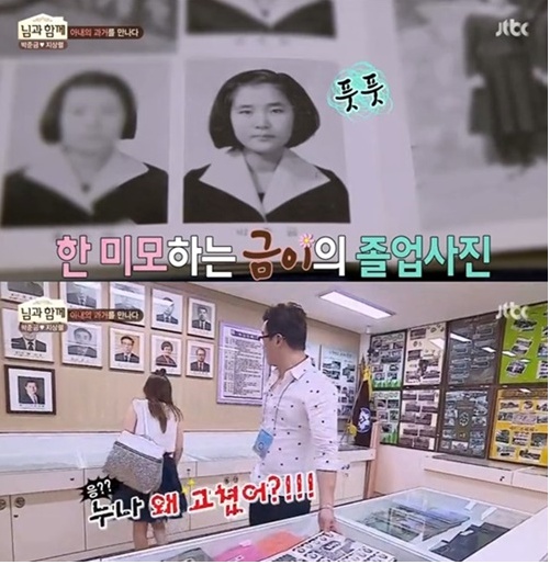 [아시아경제 온라인이슈팀] '님과함께' 박준금, 여고시절 사진공개에 지상렬 "누나 왜 고쳤어"'님과함께' 박준금의 여고시절 앨범 사진이 공개돼 눈길을 끈다.16일 방송된 종합편성채널 JTBC '님과 함께'에서는 가상 부부 박준금과 지상렬이 춘천으로 추억여행을 떠나는 모습이 그려졌다. 두 사람은 박준금의 모교인 '춘천여고'를 방문하여 박준금이 졸업 당시 찍었던 졸업앨범을 찾아보며 본격적인 추억여행을 시작했다.특히 남편 지상렬은 박준금의 여고시절 졸업사진을 보고는 입을 다물지 못하며 아름다웠던 미모에 입이 마르도록 칭찬을 아끼지 않았으면서도 "누나 왜 고쳤어"라고 돌직구를 날렸다. 이에 박준금은 "뭘 고쳐"라며 발끈한 모습을 보이며 폭소를 자아냈다.한편 '박준금'은 학교에 전시되어 있던 당시 교복을 입어보며 자신의 여고 시절을 회상하며 남편 지상렬과 함께 추억에 잠겼다.'님과함께' 박준금 여고시절 사진에 네티즌은 "님과함께 박준금, 소녀시절 정말 예뻤네" "님과함께 박준금, 세월의 흐름은 아무도 피해갈 수 없는 것이여" "님과함께 박준금, 살짝 고치면 어때"등의 반응을 보였다.온라인이슈팀 <ⓒ세계를 보는 창 경제를 보는 눈, 아시아경제(www.asiae.co.kr) 무단전재 배포금지>
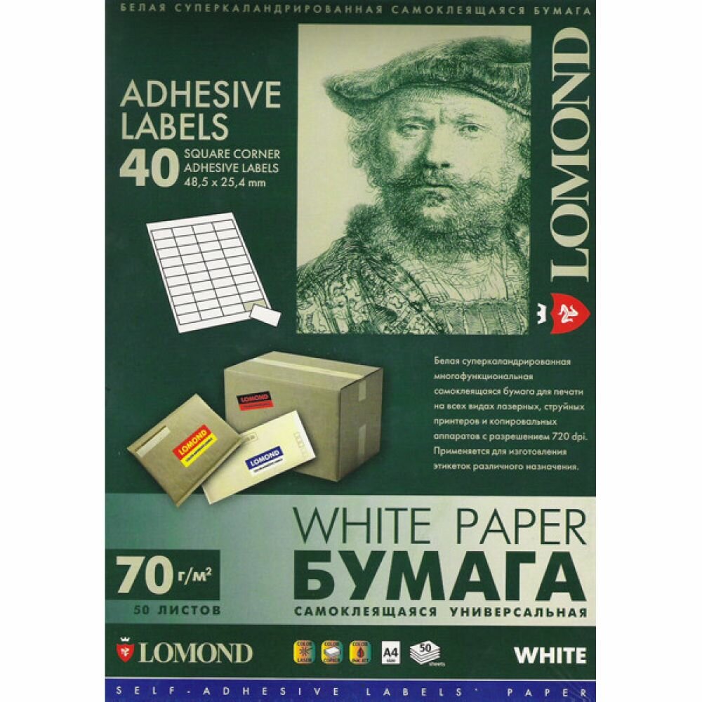 40 делений (48,5мм х 25,4мм) самоклеющаяся бумага, 70 г/м2, А4, 50 листов, Lomond 2100195
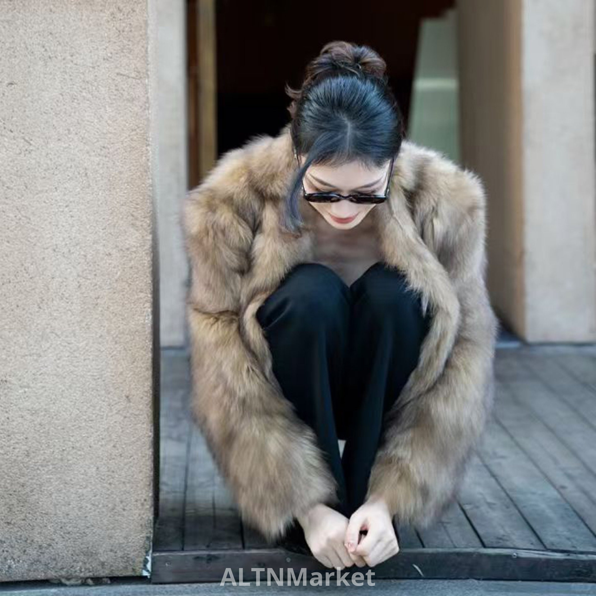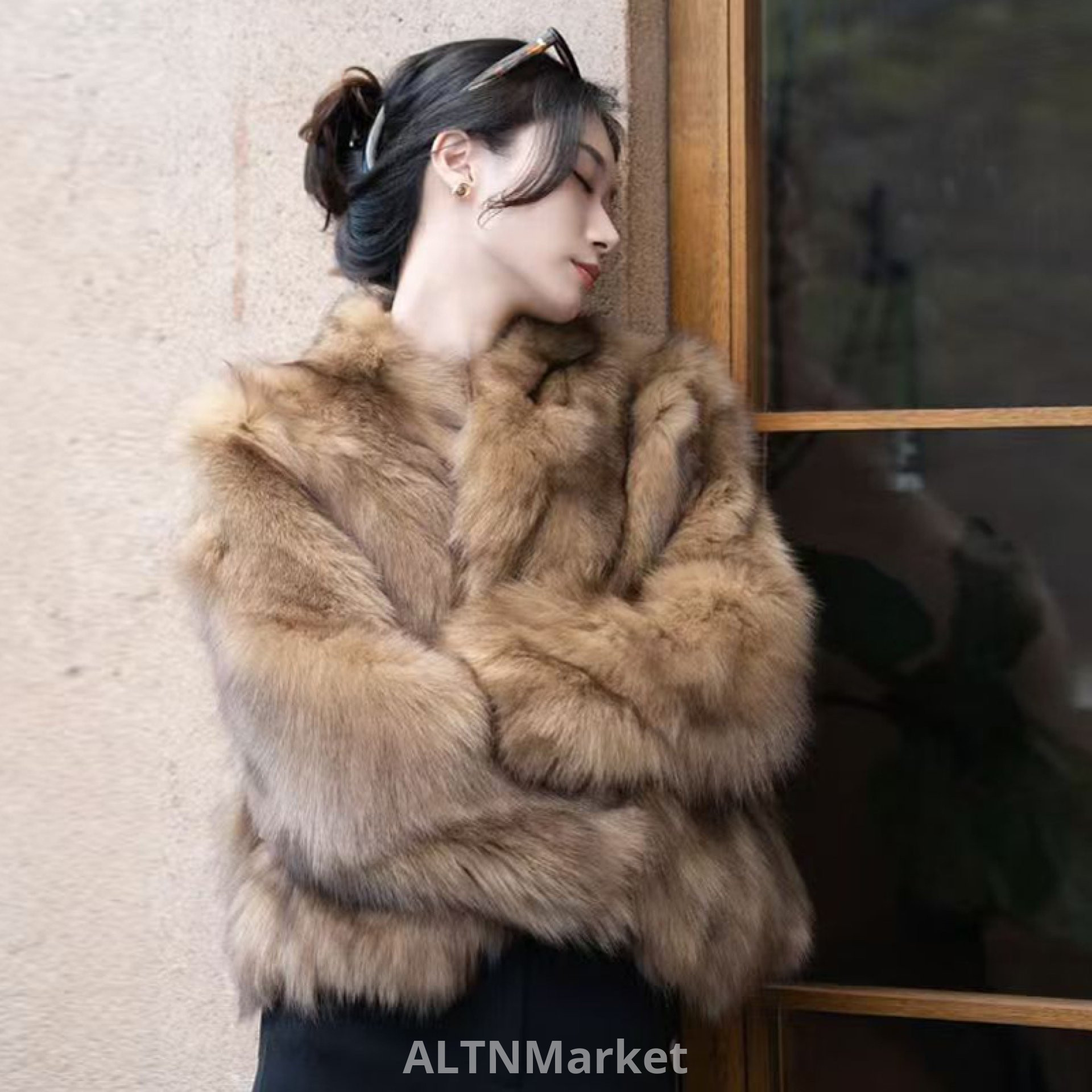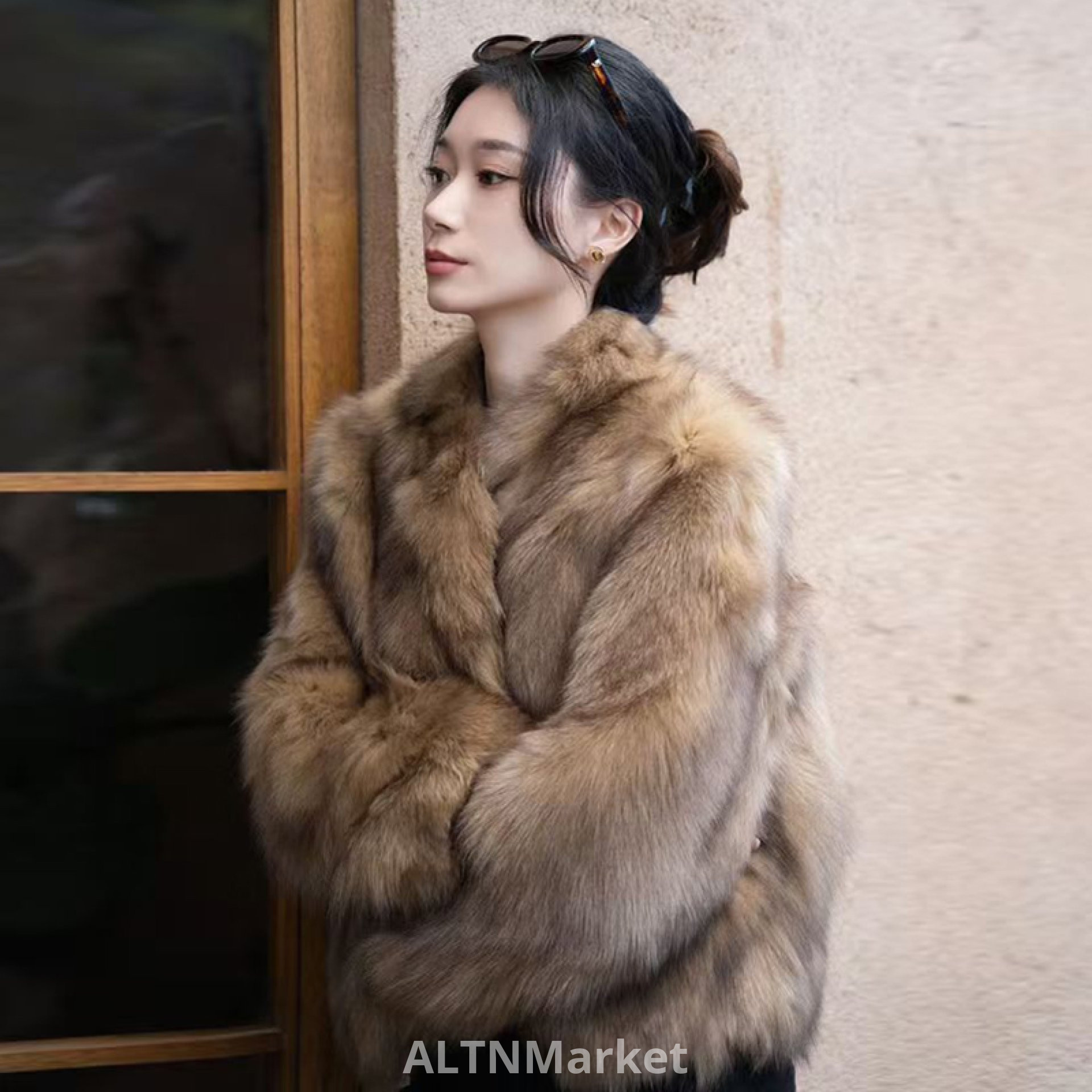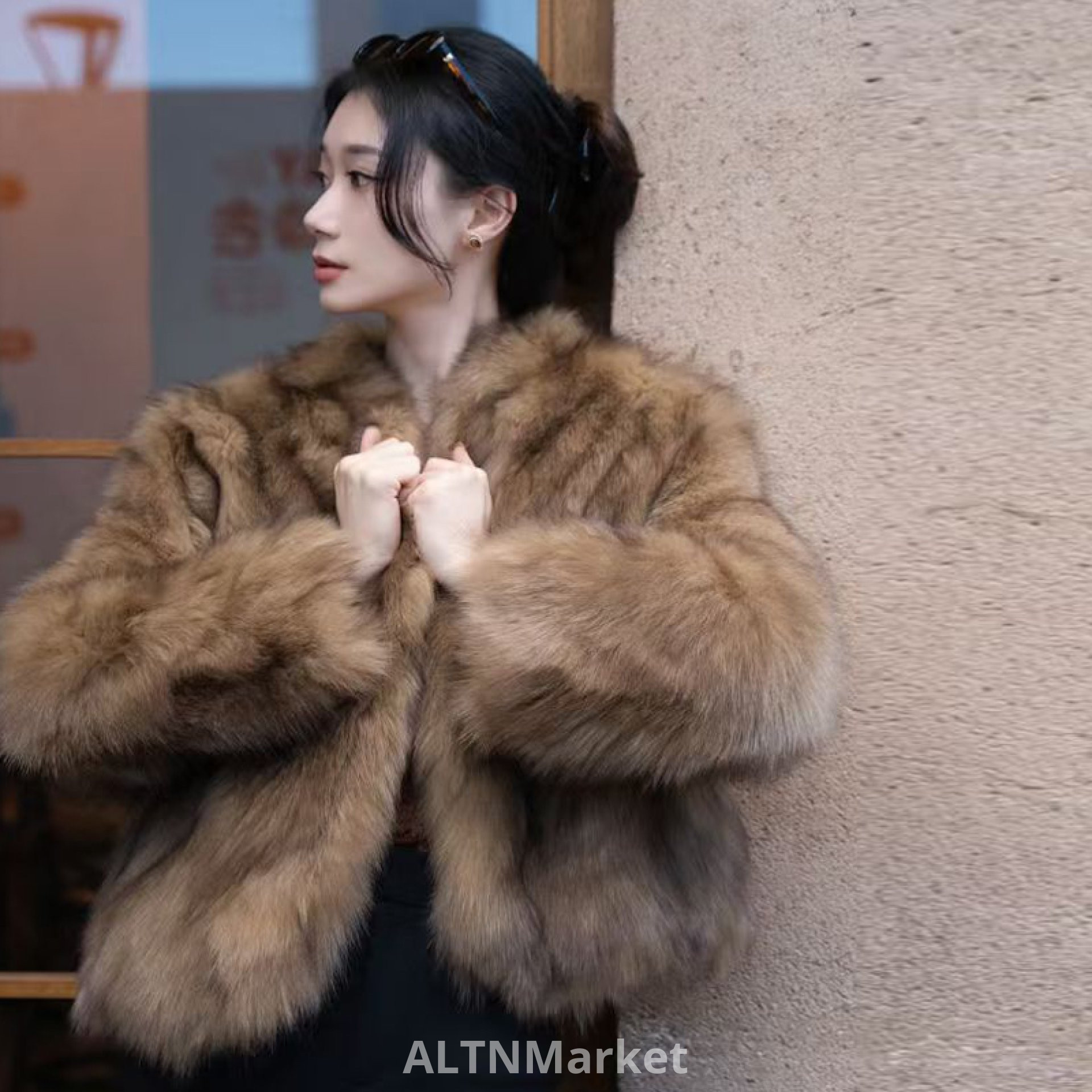 Korean Style Brown Environmentally Friendly Fox Fur Fur South Raccoon Dog Hair Pumping Article Medieval Rendering Maojian tea Short Style Furry Coat for Women

Exercise prompt:
Only the pictures are to be left out; repeat all other material exactly.

Final answer:
 [아시아경제 온라인이슈팀] '님과함께' 박준금, 여고시절 사진공개에 지상렬 "누나 왜 고쳤어"'님과함께' 박준금의 여고시절 앨범 사진이 공개돼 눈길을 끈다.16일 방송된 종합편성채널 JTBC '님과 함께'에서는 가상 부부 박준금과 지상렬이 춘천으로 추억여행을 떠나는 모습이 그려졌다. 두 사람은 박준금의 모교인 '춘천여고'를 방문하여 박준금이 졸업 당시 찍었던 졸업앨범을 찾아보며 본격적인 추억여행을 시작했다.특히 남편 지상렬은 박준금의 여고시절 졸업사진을 보고는 입을 다물지 못하며 아름다웠던 미모에 입이 마르도록 칭찬을 아끼지 않았으면서도 "누나 왜 고쳤어"라고 돌직구를 날렸다. 이에 박준금은 "뭘 고쳐"라며 발끈한 모습을 보이며 폭소를 자아냈다.한편 '박준금'은 학교에 전시되어 있던 당시 교복을 입어보며 자신의 여고 시절을 회상하며 남편 지상렬과 함께 추억에 잠겼다.'님과함께' 박준금 여고시절 사진에 네티즌은 "님과함께 박준금, 소녀시절 정말 예뻤네" "님과함께 박준금, 세월의 흐름은 아무도 피해갈 수 없는 것이여" "님과함께 박준금, 살짝 고치면 어때"등의 반응을 보였다.온라인이슈팀 <ⓒ세계를 보는 창 경제를 보는 눈, 아시아경제(www.asiae.co.kr) 무단전재 배포금지>
 40 делений (48,5мм х 25,4мм) самоклеющаяся бумага, 70 г/м2, А4, 50 листов, Lomond 2100195
 Korean Style Brown Environmentally Friendly Fox Fur Fur South Raccoon Dog Hair Pumping Article Medieval Rendering Maojian tea Short Style Furry Coat for Women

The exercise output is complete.